Before copying, find the line below that contains "Veganer Räucherlax Burger"; then return it and all later lines exactly, up to and including the final line, with no pictures.

• _DATASET CONTENT_:
________________

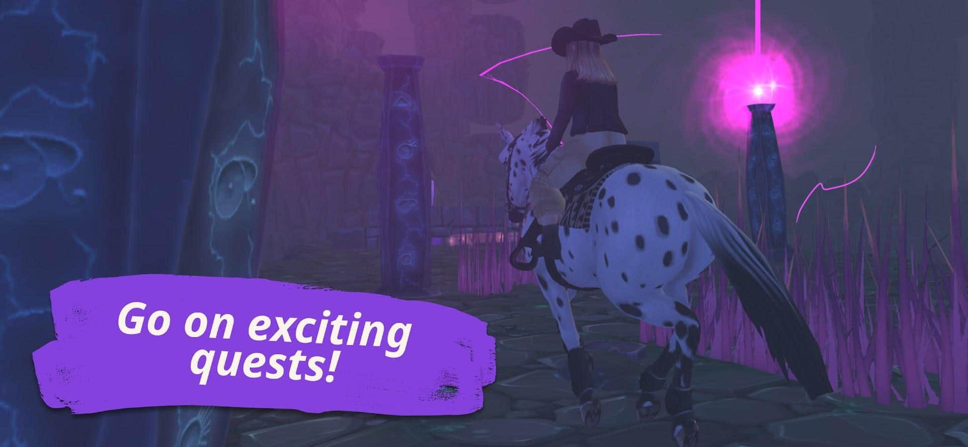 Star Stable Online - Bienvenido al mundo mágico de Jorvik, donde las aventuras, la amistad y la magia te esperan. Embárcate en un viaje montando tu propio caballo y conviértete en parte de una emocionante historia. Explora la isla, completa tareas emocionantes y entrena a tus fieles caballos. Haz nuevos amigos y crea tu propio club ecuestre. ¡Juntos pueden derrotar a cualquier fuerza oscura que amenace el mundo de Jorvik! Sé valiente, amable y estar listo para nuevas aventuras!
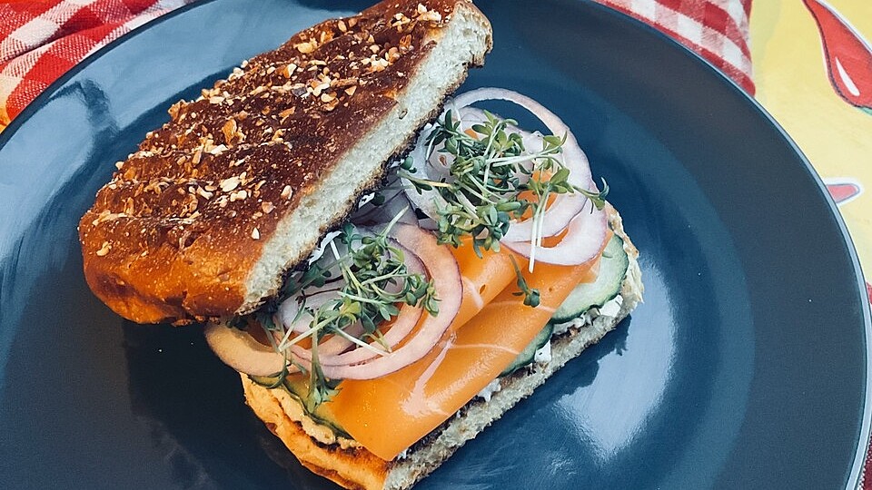 Veganer Räucherlax Burger oder Bagel von energybird
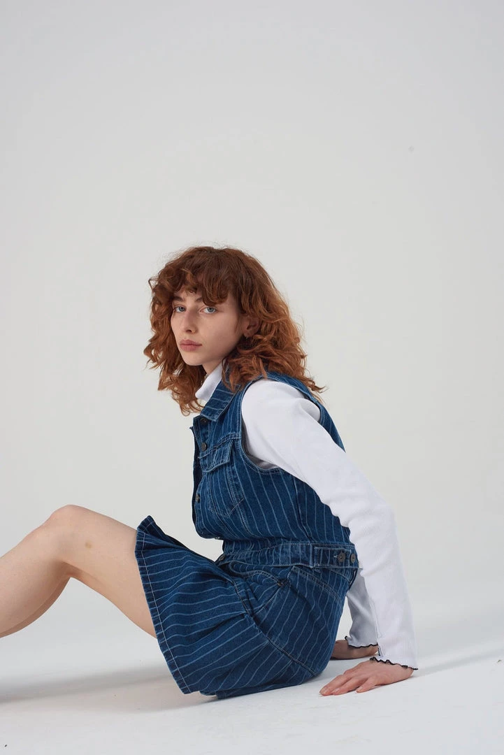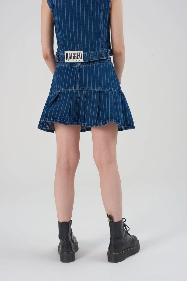 Ragged Jeans blue pinstripe pleated denim mini skirt.

________________

• _ANSWER TO THIS EXERCISE_:
 Veganer Räucherlax Burger oder Bagel von energybird
 Ragged Jeans blue pinstripe pleated denim mini skirt.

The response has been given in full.